Looking at a Zeiss CMM
This is my first post in this forum so be gentle!
I have a line on a Zeiss MC 850 from around the mid 1980's there is little information on what software and versions it has. The monitors look ancient and the seller is not forthcoming with details. The overall appearance is clean and no glaring oops. The machine is powered up and I will have a chance to look at it in person for a brief period of time, what should I look for and how do I perform these tasks?
My experience with CMM date back 30 plus years to an old Cordax and it is all a brave new world for me with even and older machine as this.
I use an 80's era Leitz PMM that our company bought new. I've been using it since the early 90's so I can maybe give you a few pointers as to what to look at.
I think my first question would be about the electronics. What era electronics does it have? Has it been upgraded at any point in its life? I would then place a call to Zeiss and find out if the parts for the electronics are still available. Our Leitz got to the point that electronic parts were not available anymore and we had to upgrade to the latest electronics ($120,000 +).
Also, what version software does it use?
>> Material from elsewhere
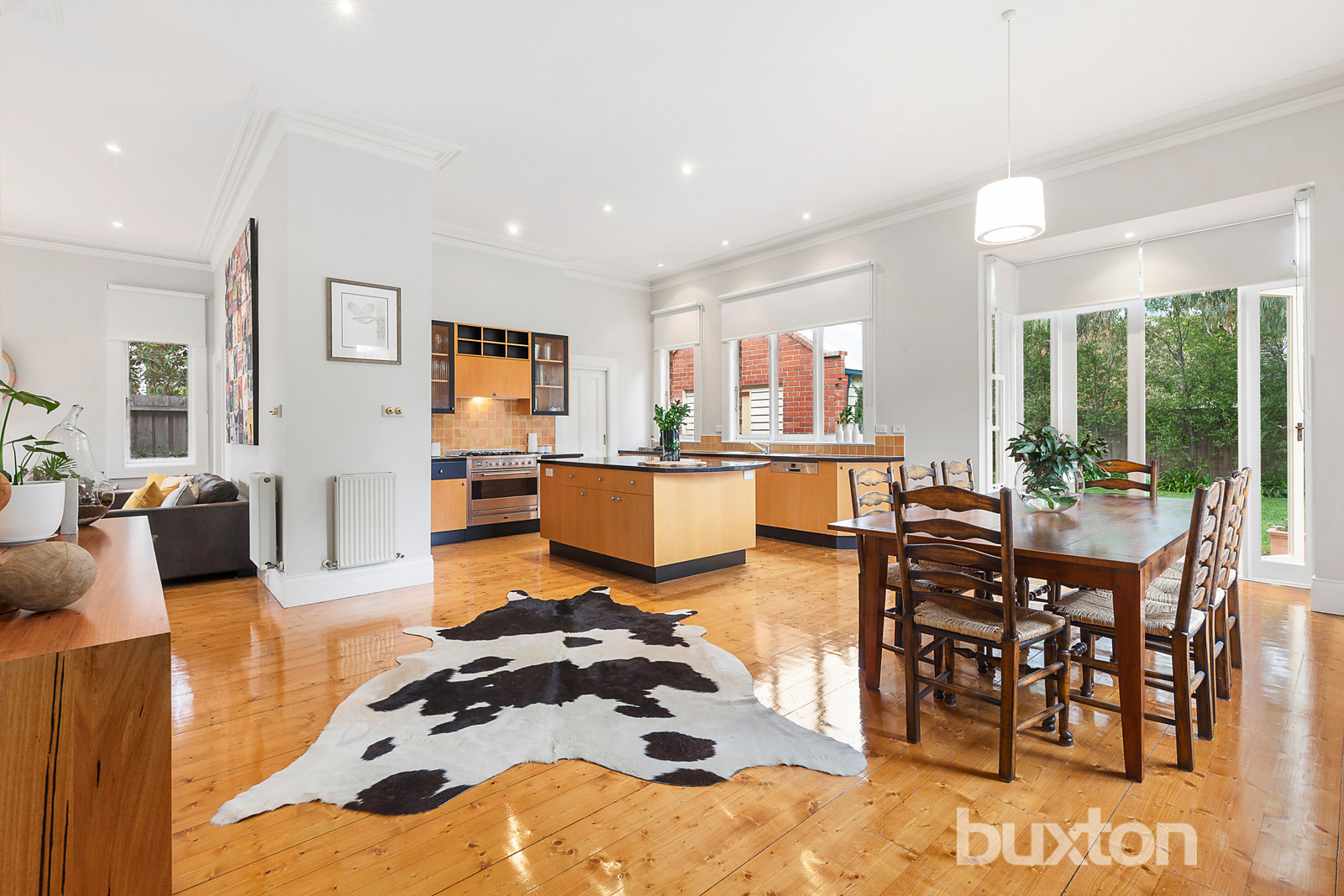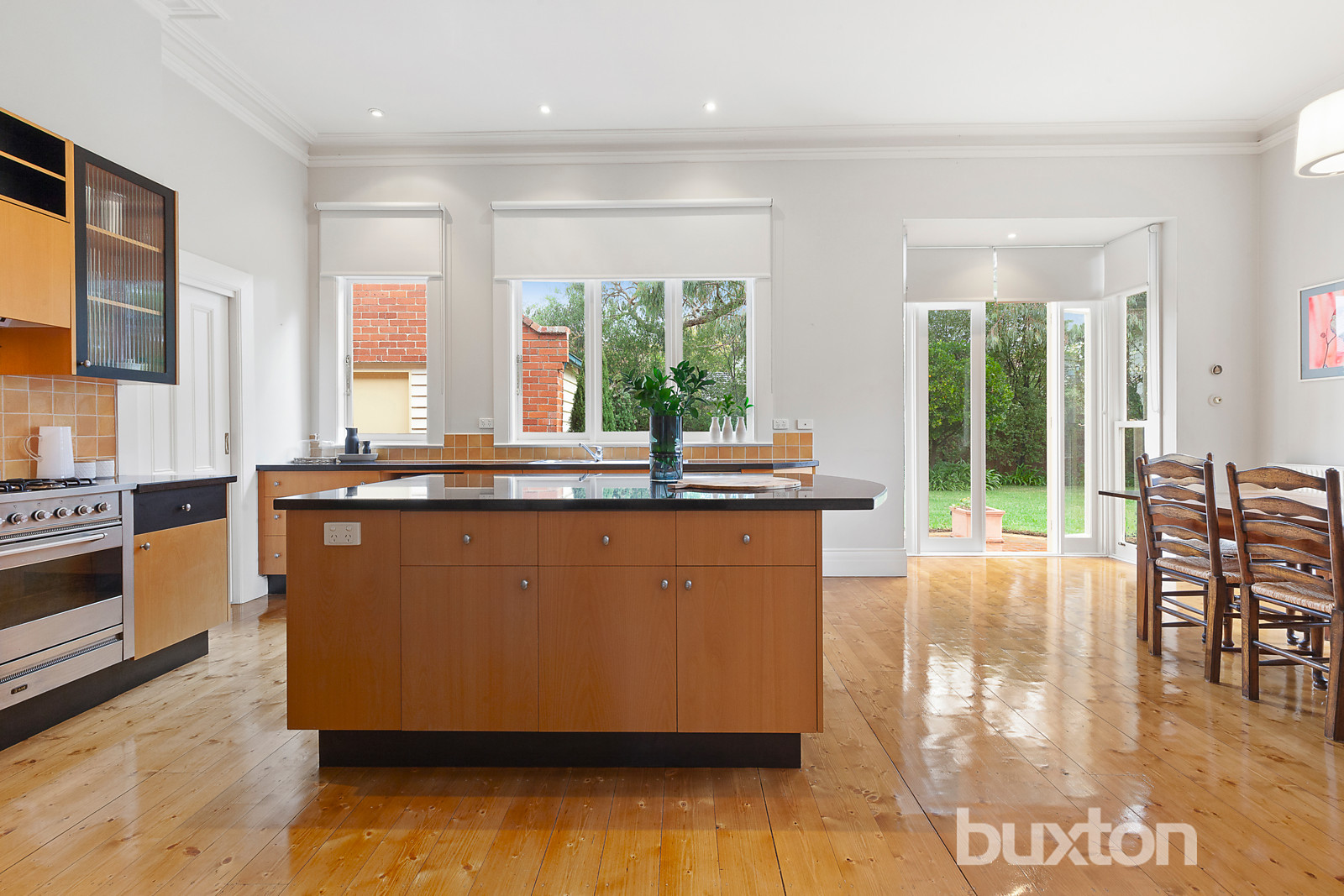 A second north-facing courtyard steps out from light filled, family living while the grand scale kitchen, appointed with granite benches & quality Ilve appliances, and dining area is the heart of the home.

How old is the PC and will the current software will run on a modern era PC in case the current PC dies. I ran into that issue and we had to end up upgrading to the newest version software because we were told the older version software would not run on modern PC's.
Is it a Zeiss with the dedicated probe head or does it use a Renishaw articulating head? If Renishaw, I would find out if the probe head is obsolete so you don't get stuck with having to purchase a $15k + probe head right off the bat if the old one goes out.
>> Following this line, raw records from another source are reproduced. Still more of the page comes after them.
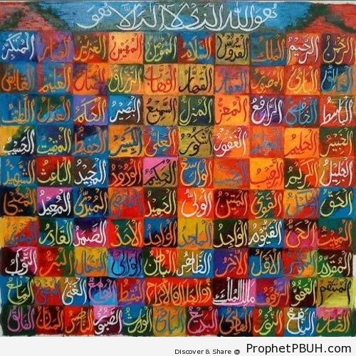 Lukisan Asmaul Husna. Asmaul Husna - Asmaul Husna ialah nama-nama Allah yang ada dalam Al-Quran. Nadlom Asmaul Husna merupakan serangkaian Asmaul Husna (nama-nama Allah) Di samping teks dalam bahasa Arab, tersedia juga dalam tulisan latin dan terjemah, serta.
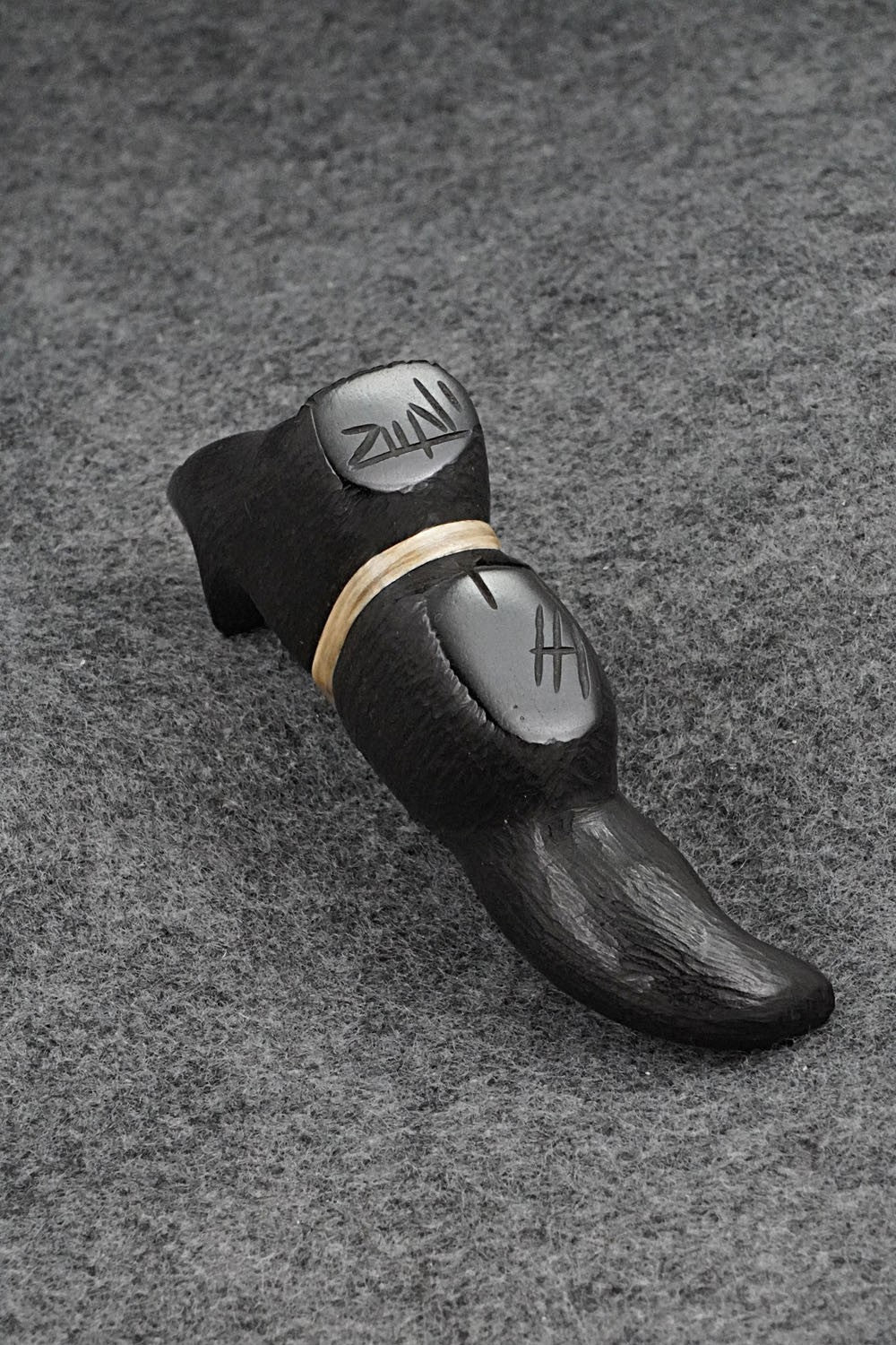 This wolf Zuni fetish was carved by Herbert Halate. The bottom is signed H and Zuni.
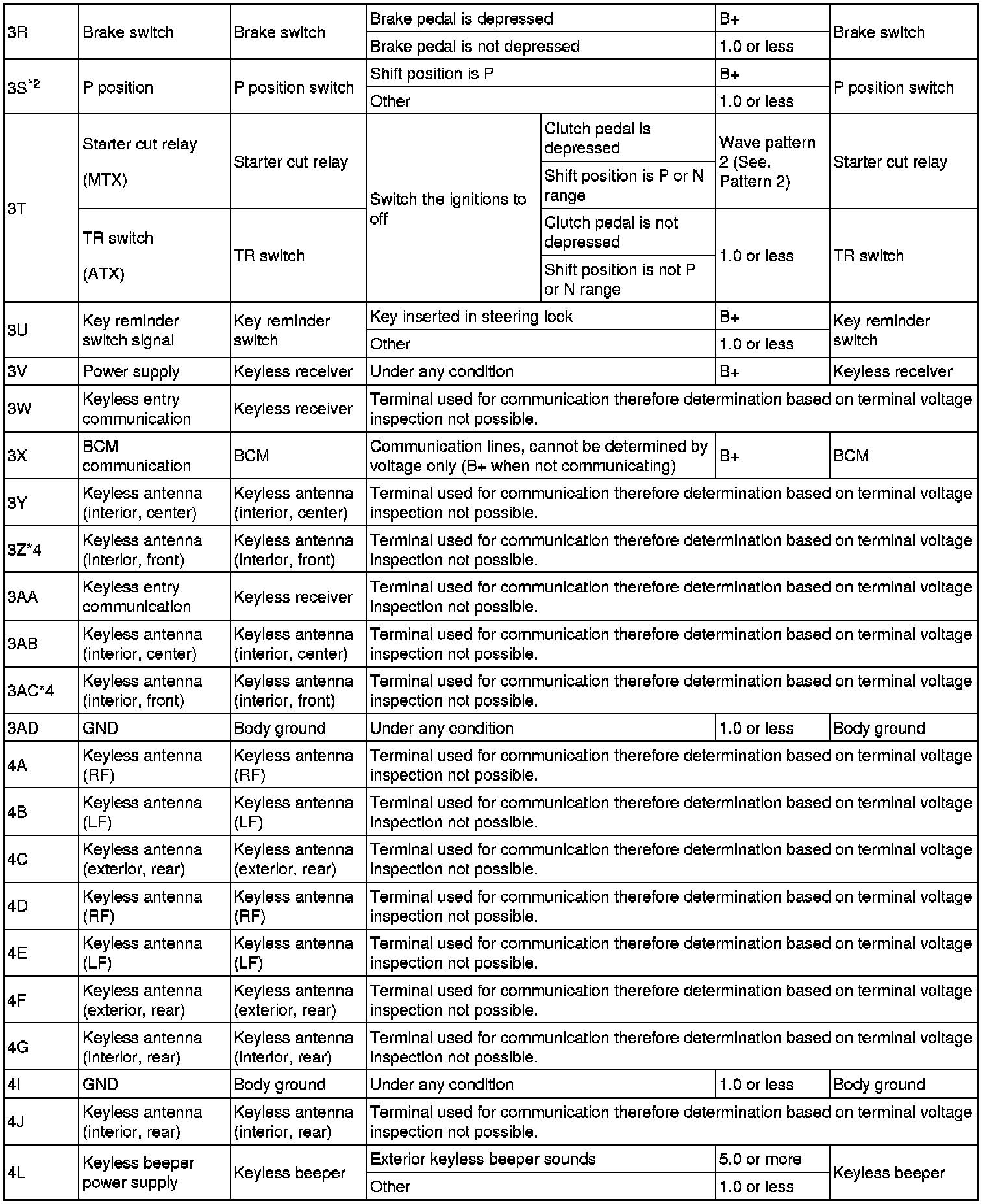 - Door lock-link switch (driver's door): 4U (+) and body ground (-)

I would also ask to see the history of the calibration on it. That should be available. If is not, that would be a red flag for me. We have all the calibration certs for our CMM all the way back to its original installation.
I hope this helps.
Thank you Ken,
The sale went off last Thursday and it sold to somebody for far more than my target price. I did find out that it had older software and was out of calibration one cycle due to the pending sale. It was a very nice machine but, at this point it would have been more eye candy than practical. That greatly affected the price I was willing to pay. The machine was in very nice condition overall and with the large work envelope it was and is a good size machine.
This was my first serious look at a CMM for our shop and I see there is much to learn about the hardware and software available. I have a number of things to complete before we search in earnest for a CMM.